Although the demonstration has been successful, some issues need to be addressed. For example, some biogas remains dissolved in the effluent leaving the membrane tanks. “We are testing efficient ways to extract the gas so we can use it,” he says.

Another issue is nutrient removal. The SAF-MBR process doesn’t remove phosphorus or nitrogen, so additional steps would be necessary, just as with a traditional plant. “We’re starting to think about what the full treatment process would look like for plants that have nutrient limits in their permit,” Tilmans says.

A third issue is water reuse, especially important in California. “We’re thinking about what downstream treatment processes, including reverse osmosis and advanced oxidation, that could take the water from our system to irrigation or drinking water quality.”

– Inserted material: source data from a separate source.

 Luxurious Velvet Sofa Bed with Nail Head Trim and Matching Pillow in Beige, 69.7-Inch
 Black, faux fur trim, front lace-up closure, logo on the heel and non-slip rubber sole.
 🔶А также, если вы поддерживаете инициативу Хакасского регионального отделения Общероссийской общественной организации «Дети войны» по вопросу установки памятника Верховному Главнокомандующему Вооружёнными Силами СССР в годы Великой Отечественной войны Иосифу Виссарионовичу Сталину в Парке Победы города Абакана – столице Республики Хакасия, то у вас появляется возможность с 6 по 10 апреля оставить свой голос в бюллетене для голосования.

One bonus with anaerobic treatment is that the bacteria appear more capable than aerobic bacteria to consume some chemicals of emerging concern, such as certain pharmaceuticals. Odor at the demonstration plant has not been a problem because the entire process is sealed.

Making it bigger

There are several ways to scale up the technology. “One way to envision scale-up is simply to multiply the reactor,” says Tilmans. “The current system processes 24,000 gpd; a 240,000 gpd system would use 10 of these reactors in parallel, or one reactor 60 by 6 feet and 20 feet tall.

“Ideally, we would build the reactors taller, which would reduce the footprint.”

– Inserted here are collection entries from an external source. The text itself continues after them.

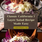 California 7 Layer Salad is a vibrant, colorful layered vegetable salad featuring a fresh mix of cabbage, lettuce, bell peppers, and onions, topped with crispy bacon, aged cheddar cheese, and creamy homemade mayonnaise. This refreshing, make-ahead salad is perfect for potlucks and gatherings, offering a satisfying crunch and a harmonious blend of flavors chilled to perfection.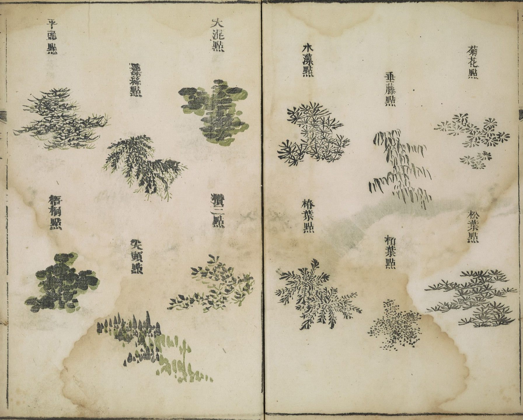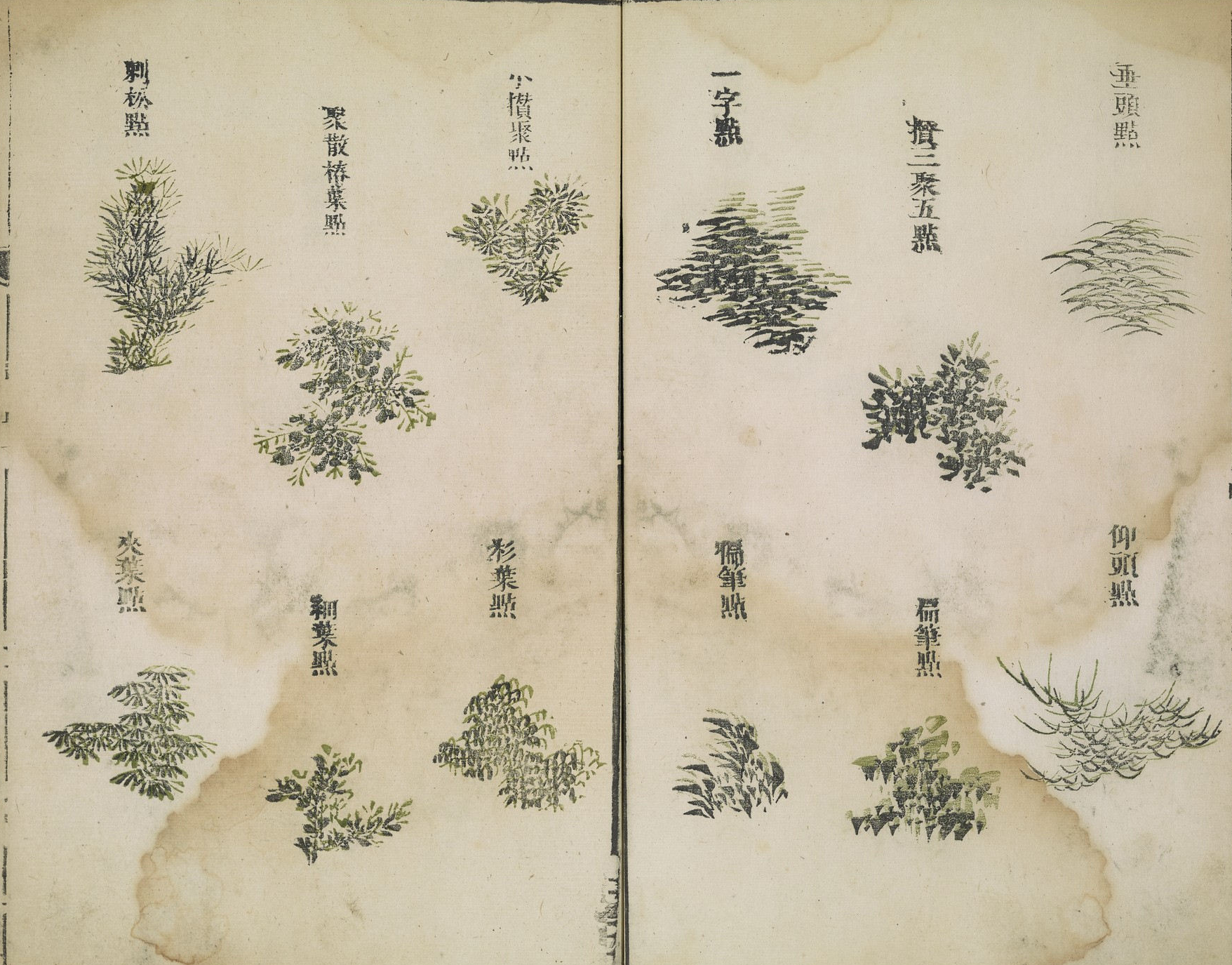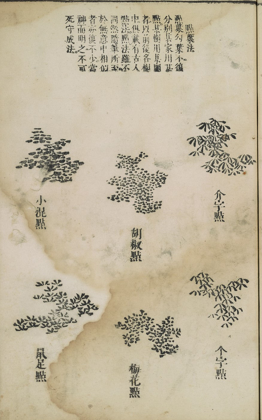 어느 화가가 어떤 점엽을 쓰고, 어느 나무에 어떤 테두리(勾葉)를 치는지, 점엽(點葉)과 구엽(勾葉)이 더 이상 분명치 않은 것은, 전후의 여러 나무에 옛사람의 점법이 모두 실려 있기 때문이다.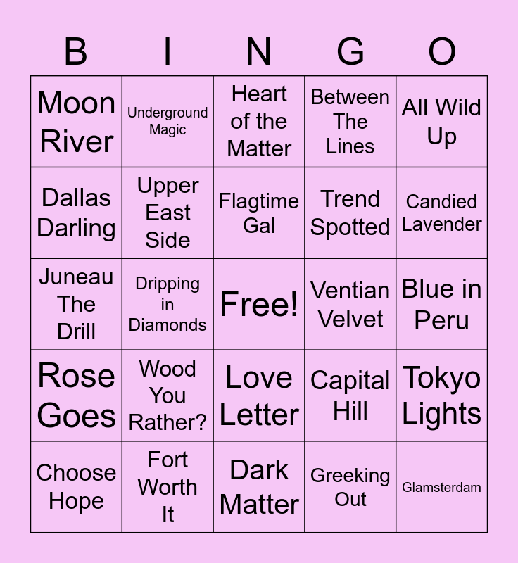 This bingo card has a free space and 68 words: I Want Scandi, Glamsterdam, Space Case, Snake My Day, Glittersweet, Coral Bay, Underground Magic, Cran-Tastic, Flagtime Gal, Smokes On You, Love Letter, Beijing Beauty, Blue in Peru, All Wild Up, Brave and Beautiful, Dallas Darling, Dripping in Diamonds, Moon River, Pink Peppercorn, Wood You Rather?, Trend Spotted, Capital Hill, Rose Goes, Coming Up Rose Gold, Munich Mulberry, Rule Of Plum, Scot Topic, Swiss and Tell, Tokyo Lights, It’s A Key-per, Heart of the Matter, How You Dune?, Charleston Blush, Plaid About You, Between The Lines, Champagne Sugar, Blushing and Flushing, Choose Hope, Candied Lavender, Juneau The Drill, Only In Vegas, Belgium Buttercup, Upper East Side, Aspen Sky, Giza Sands, Soho-Ver It, Berlin To Win It, Suit Yourself, Ventian Velvet, Fort Worth It, Oslo and Steady, Himalayan Salt, Midnight In Manhattan, Dark Matter, Holidaze, French City Of Love, Greeking Out, Moscow Or Never, Havanah Honey, Home Sleet Home, Sahara Jewel, Light Year, Hiss and Make Up, Russian Around, Seattle Royale, Chile It Cool, Plaid Reputation and Czech Me Out.

Tilmans says that for many years, effective anaerobic treatment was considered impossible.

“Because anaerobic organisms grow more slowly, and because they don’t settle well, it was traditionally considered impossible to achieve the high solids retention times necessary to grow the organisms and achieve low effluent organic concentrations.

The advent of membranes, along with the innovation of using the granular activated carbon as biofilm media, enabled us to overcome that challenge, achieving long solids retention times without provoking excessive fouling of the membranes.”

The total hydraulic retention time for the SAF-MBR systems, including the membrane tank, is less than six hours. “This would mean the treatment process would happen in a footprint competitive with typical aerobic activated sludge systems,” Tilmans says.

“However, the lower biosolids production means the biosolids handling footprint could be reduced by 30 to 50%, and dual-media filtration facilities could be eliminated because of the membrane filtration achieved within the system.”

The bottom line is that anaerobic secondary treatment is a potential option for wastewater treatment plants. “We thought we knew that it was impossible,” says Tilmans. “But it turns out that it’s very possible.”